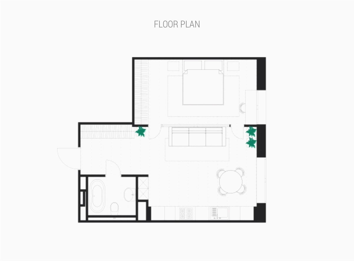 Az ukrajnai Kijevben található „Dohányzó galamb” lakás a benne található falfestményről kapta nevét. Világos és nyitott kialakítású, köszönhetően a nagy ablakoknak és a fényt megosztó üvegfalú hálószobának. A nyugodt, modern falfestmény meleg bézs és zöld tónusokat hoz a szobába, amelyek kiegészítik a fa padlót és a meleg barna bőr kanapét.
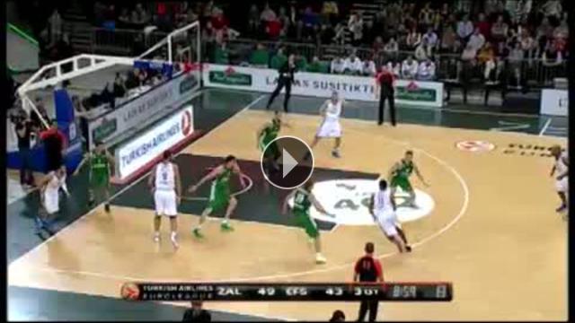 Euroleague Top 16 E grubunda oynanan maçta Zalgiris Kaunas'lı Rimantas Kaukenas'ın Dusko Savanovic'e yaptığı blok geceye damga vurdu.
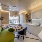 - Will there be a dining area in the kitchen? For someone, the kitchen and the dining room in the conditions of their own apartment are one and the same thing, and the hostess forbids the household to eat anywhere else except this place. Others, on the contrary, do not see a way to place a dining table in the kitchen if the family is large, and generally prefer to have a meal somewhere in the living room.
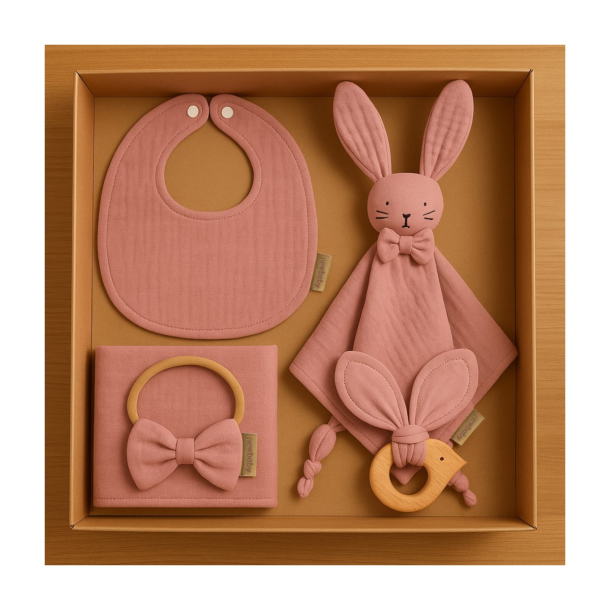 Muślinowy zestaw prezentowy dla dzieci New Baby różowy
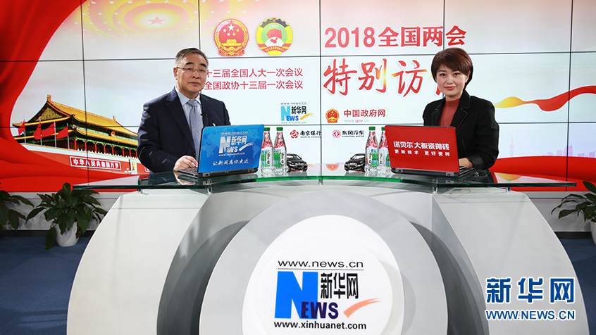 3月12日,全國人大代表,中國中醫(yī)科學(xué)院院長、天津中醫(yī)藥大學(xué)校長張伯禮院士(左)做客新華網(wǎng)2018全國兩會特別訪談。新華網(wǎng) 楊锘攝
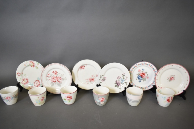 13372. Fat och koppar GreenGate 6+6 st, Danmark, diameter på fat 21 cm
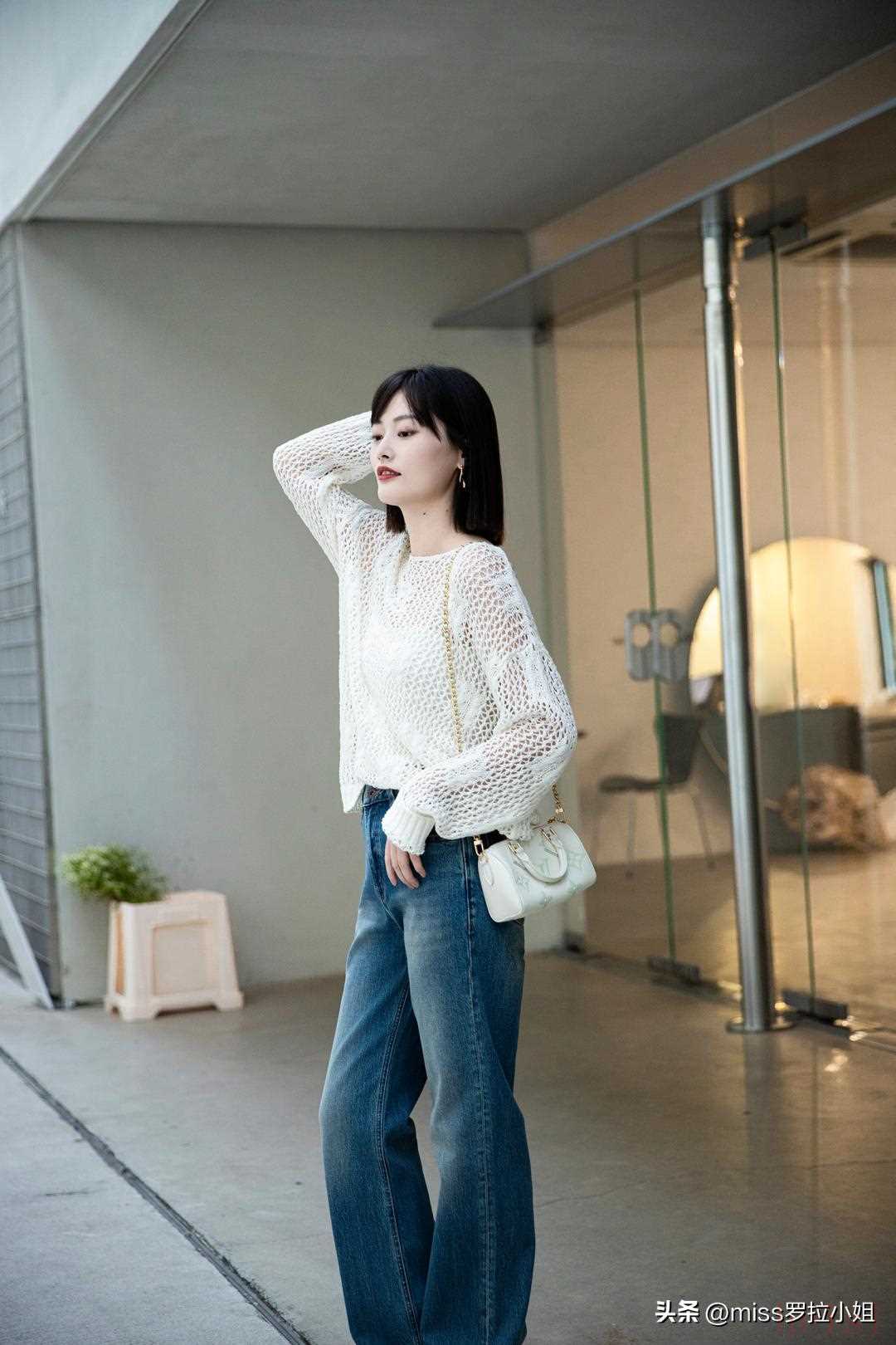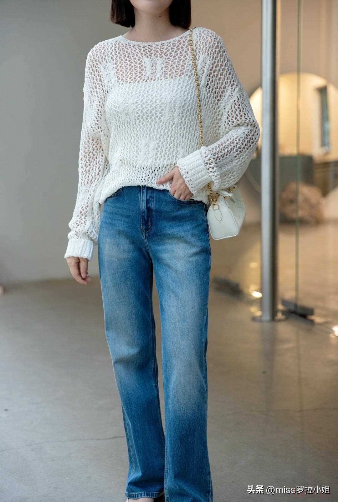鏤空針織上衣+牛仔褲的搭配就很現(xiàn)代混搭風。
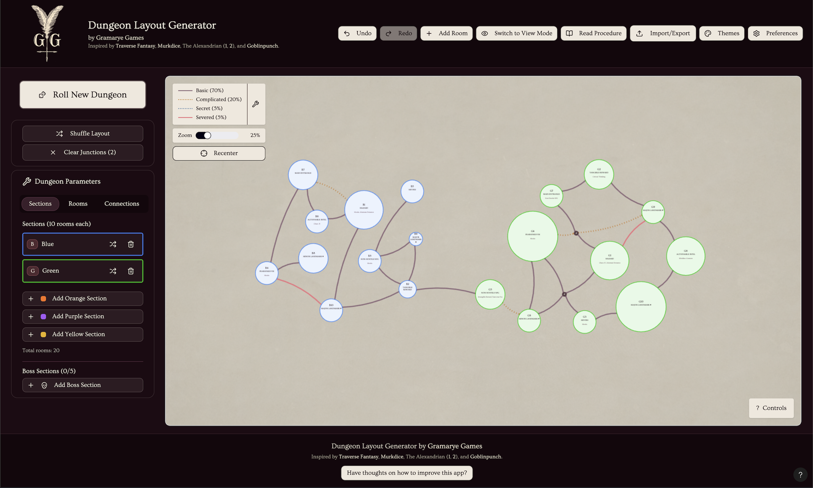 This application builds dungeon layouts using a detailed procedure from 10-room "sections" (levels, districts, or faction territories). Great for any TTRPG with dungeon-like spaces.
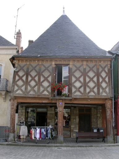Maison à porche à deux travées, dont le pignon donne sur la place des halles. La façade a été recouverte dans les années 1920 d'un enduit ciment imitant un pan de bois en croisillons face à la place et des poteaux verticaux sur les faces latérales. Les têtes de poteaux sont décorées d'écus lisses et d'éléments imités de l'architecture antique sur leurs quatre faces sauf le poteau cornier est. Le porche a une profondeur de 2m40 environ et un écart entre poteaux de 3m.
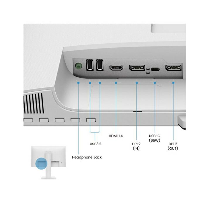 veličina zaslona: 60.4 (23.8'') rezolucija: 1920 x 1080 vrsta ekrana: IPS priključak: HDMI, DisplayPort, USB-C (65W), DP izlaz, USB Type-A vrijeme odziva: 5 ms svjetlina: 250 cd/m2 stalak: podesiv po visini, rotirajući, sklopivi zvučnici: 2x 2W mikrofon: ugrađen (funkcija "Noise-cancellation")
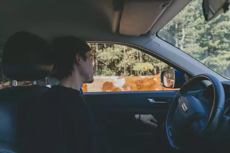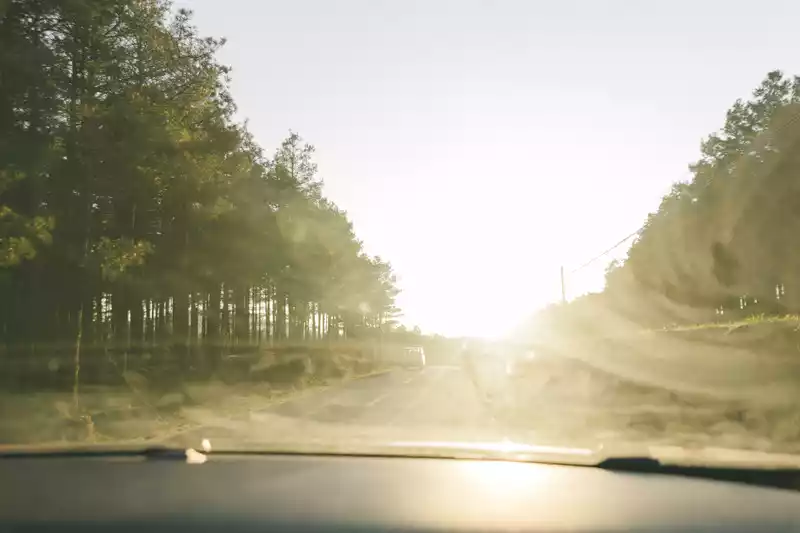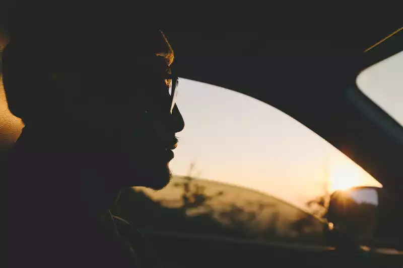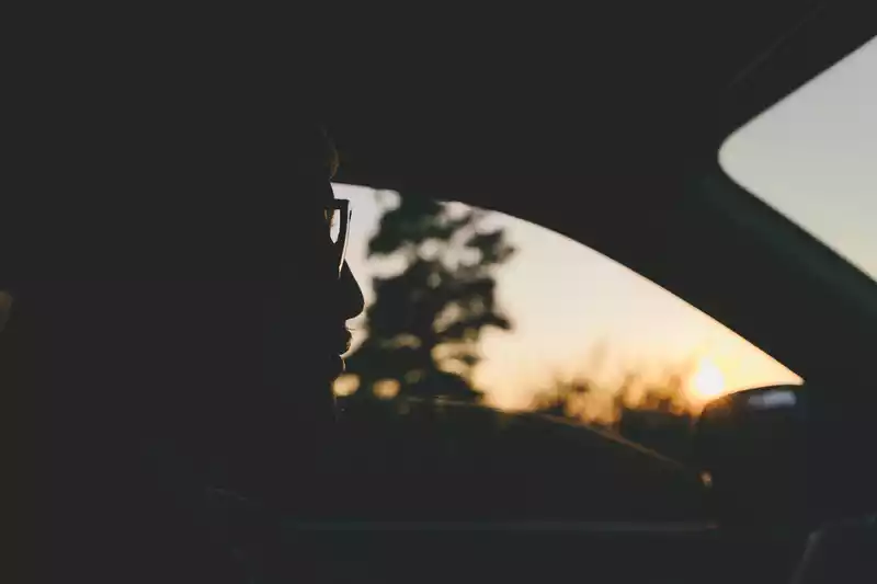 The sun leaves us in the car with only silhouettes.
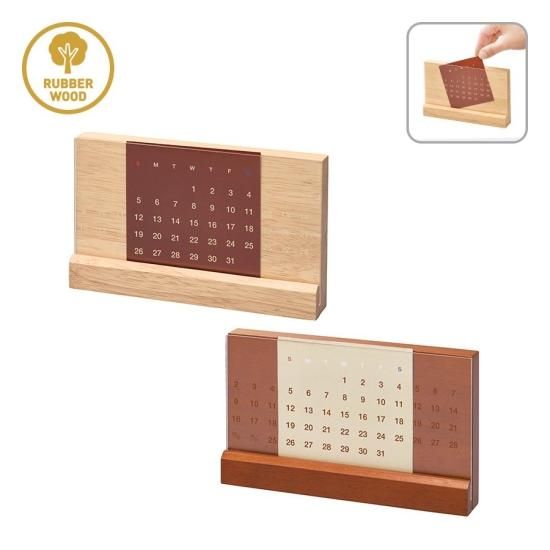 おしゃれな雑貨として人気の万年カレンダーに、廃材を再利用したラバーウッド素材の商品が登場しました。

**Aim of the exercise:** Please retype the records above exactly, excluding every picture.

**Output for this exercise:**
 Az ukrajnai Kijevben található „Dohányzó galamb” lakás a benne található falfestményről kapta nevét. Világos és nyitott kialakítású, köszönhetően a nagy ablakoknak és a fényt megosztó üvegfalú hálószobának. A nyugodt, modern falfestmény meleg bézs és zöld tónusokat hoz a szobába, amelyek kiegészítik a fa padlót és a meleg barna bőr kanapét.
 Euroleague Top 16 E grubunda oynanan maçta Zalgiris Kaunas'lı Rimantas Kaukenas'ın Dusko Savanovic'e yaptığı blok geceye damga vurdu.
 - Will there be a dining area in the kitchen? For someone, the kitchen and the dining room in the conditions of their own apartment are one and the same thing, and the hostess forbids the household to eat anywhere else except this place. Others, on the contrary, do not see a way to place a dining table in the kitchen if the family is large, and generally prefer to have a meal somewhere in the living room.
 Muślinowy zestaw prezentowy dla dzieci New Baby różowy
 3月12日,全國人大代表,中國中醫(yī)科學(xué)院院長、天津中醫(yī)藥大學(xué)校長張伯禮院士(左)做客新華網(wǎng)2018全國兩會特別訪談。新華網(wǎng) 楊锘攝
 13372. Fat och koppar GreenGate 6+6 st, Danmark, diameter på fat 21 cm
鏤空針織上衣+牛仔褲的搭配就很現(xiàn)代混搭風。
 This application builds dungeon layouts using a detailed procedure from 10-room "sections" (levels, districts, or faction territories). Great for any TTRPG with dungeon-like spaces.
Maison à porche à deux travées, dont le pignon donne sur la place des halles. La façade a été recouverte dans les années 1920 d'un enduit ciment imitant un pan de bois en croisillons face à la place et des poteaux verticaux sur les faces latérales. Les têtes de poteaux sont décorées d'écus lisses et d'éléments imités de l'architecture antique sur leurs quatre faces sauf le poteau cornier est. Le porche a une profondeur de 2m40 environ et un écart entre poteaux de 3m.
 veličina zaslona: 60.4 (23.8'') rezolucija: 1920 x 1080 vrsta ekrana: IPS priključak: HDMI, DisplayPort, USB-C (65W), DP izlaz, USB Type-A vrijeme odziva: 5 ms svjetlina: 250 cd/m2 stalak: podesiv po visini, rotirajući, sklopivi zvučnici: 2x 2W mikrofon: ugrađen (funkcija "Noise-cancellation")
 The sun leaves us in the car with only silhouettes.
 おしゃれな雑貨として人気の万年カレンダーに、廃材を再利用したラバーウッド素材の商品が登場しました。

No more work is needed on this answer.